The negative pricing lasted only briefly, but it shook confidence in the reliability of the WTI futures as a benchmark for oil prices. Market participants are now keenly aware of the contract's link to local market conditions in the US and the potential storage challenges around settlement. That contrasts to Brent, which has more flexibility in how it can be stored.
"While Brent's nominal storage capacity is lower than WTI at Cushing, it is intrinsically linked to the global market, with the crude making up the Dated Brent benchmark easily deliverable by tanker to refiners in any continent," wrote S&P Platts analyst Richard Swann shortly after the negative pricing incident.
On the other hand, the WTI futures market remains extremely liquid, with a large and diverse population of market participants as well as a host of related futures based on price relationships across the energy complex. That makes it the "most efficient" way to trade oil, according to CME Group, the parent of the Nymex exchange.
The WTI futures market also benefits from the explosion in US oil production over the last decade driven by new techniques for extracting oil from shale formations. That makes it the centerpiece for hedging by US producers and others that rely on this source of oil.
“The negative WTI price occurred on a single day last year due to the negative demand shock in Q1 2020 and the subsequent spike in inventory. However, such a short-lived event – less than one trading day – cannot have an impact on the hedging program of any oil producer,” said Georgi Slavov, global head of fundamental research at Marex Spectron. “In addition, the consistent decline in oil prices which started in early January 2020 triggered a sharp increase in hedge ratios. Historically, US oil production is about 30-35% hedged. This rose to 45% this time last year before retreating to the long-term average levels. Lower output and a steady uptrend in prices also contributed to the decline in the hedging ratio. We see no evidence that hedging was performed with the use of other oil benchmarks,” he said.

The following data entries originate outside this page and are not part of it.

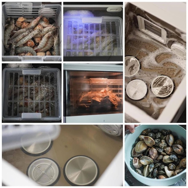 – Cá và động vật có vỏ 12 phút (2 phút rửa, 2 phút lưu thông, siêu âm 8 phút).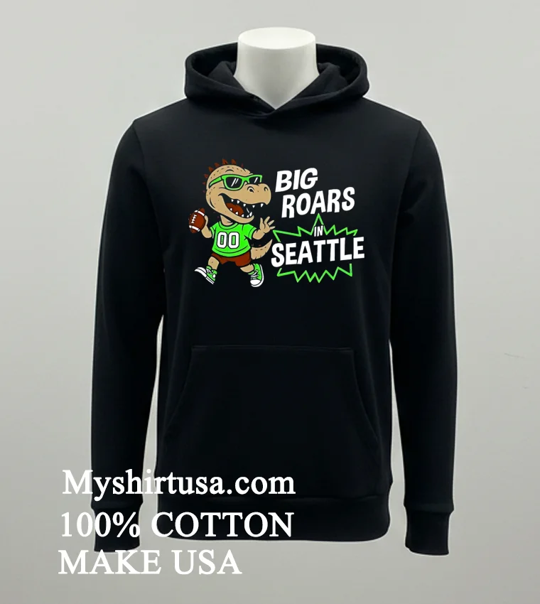 Ready to unleash your inner prehistoric fan? Why settle for boring when you can wear a legend? Grab your Big Roars In Seattle Seahawks Dinosaur Cartoon Funny Shirt today! Crafted from 100% American Cotton, soft, stretchy, breathable. Just $23 USD, with 3-5 day US delivery. It’s the ultimate vintage, streetwear, American style. Roar with Myshirtusa!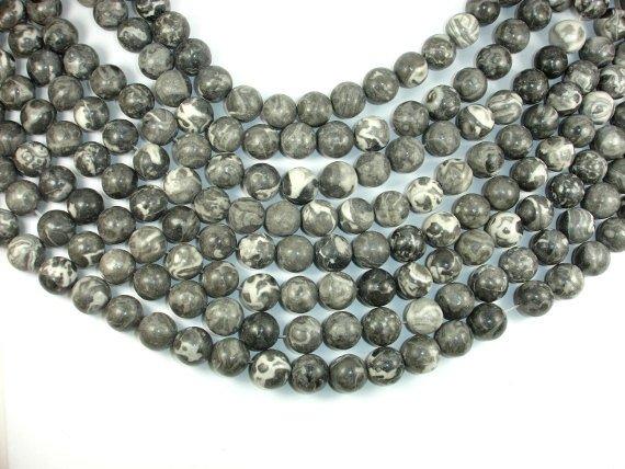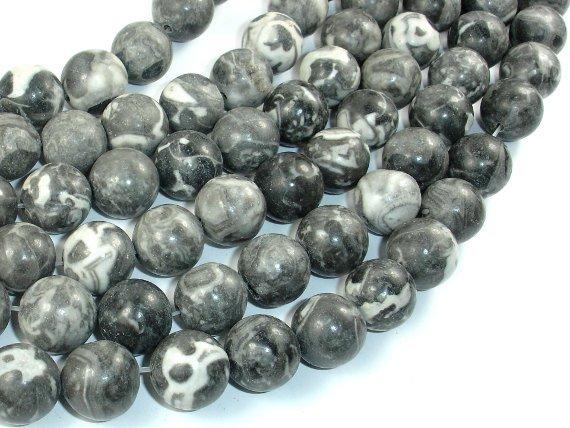 Black Fossil Jasper Beads, 14mm Round Beads, 15.5 Inch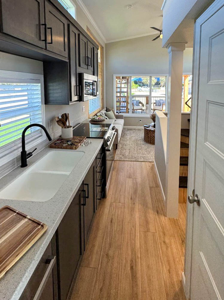 The Brawley Loft model has 1 Bed and 2 Baths. This 392 square foot Park Model with Loft home is available for delivery in Florida, Georgia, Alabama, North Carolina & South Carolina.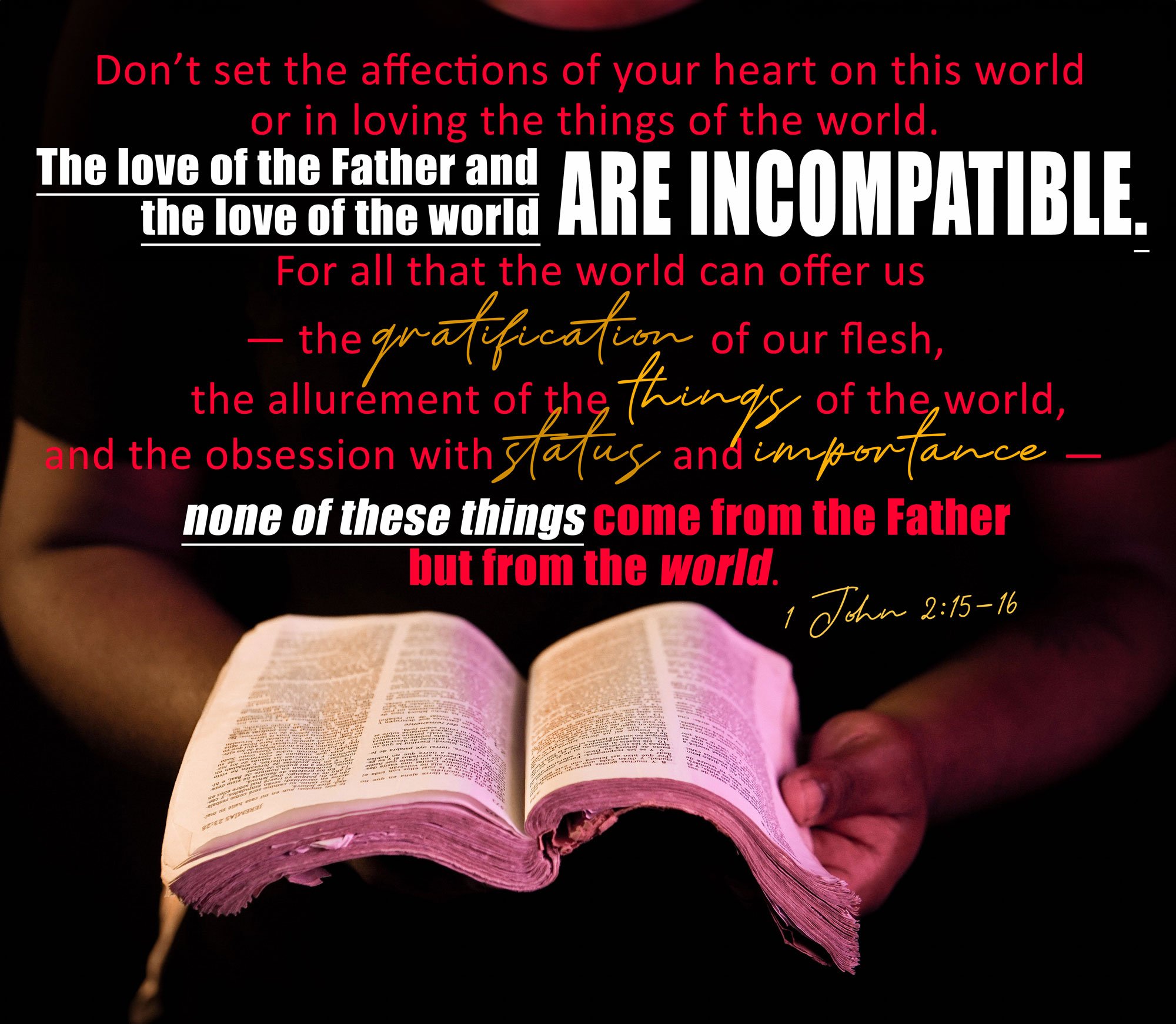”Don’t set the affections of your heart on this world or in loving the things of the world. The love of the Father and the love of the world are incompatible. For all that the world can offer us—the gratification of our flesh, the allurement of the things of the world, and the obsession with status and importance — none of these things come from the Father* but from the world. ”

Going forward, US oil exports are becoming increasingly important to the global market. Platts proposed adding WTI Midland to the Brent basket because of its importance to European refineries. US oil also is flowing to buyers in Asia. In 2020, US exports of crude oil to China jumped to 176 million barrels of oil, more than three times the amount in 2019 and more than any other destination, according to the Energy Information Administration, a branch of the US Energy Department.
Case in point: During the peak of the oil market over-supply in early 2020, Hess, one of the largest independent oil producers in the US, chartered three very large crude carriers to store six million barrels of oil coming out of its fields in North Dakota. The company disclosed during a briefing for investors in January that one of the cargos was sold to China in September; the other two were sold to China several months later.
The key question is whether these US exports are priced with reference to WTI or Brent. Hess currently relies on WTI futures to hedge most of its production, but these three cargoes were all sold at a premium to Brent. It will be interesting to see how US producers adjust their hedging strategies as the market continues to evolve.
Both ICE and CME have attempted to address this issue by introducing futures contracts based on the price of oil being exported from the Gulf Coast—the Permian WTI (HOU) contract and the WTI Houston (HCL) contract respectively. Trading volumes have been relatively low, however, and these contracts show no sign of dislodging WTI futures as the primary gauge of US crude prices.
Will Acworth contributed to this report.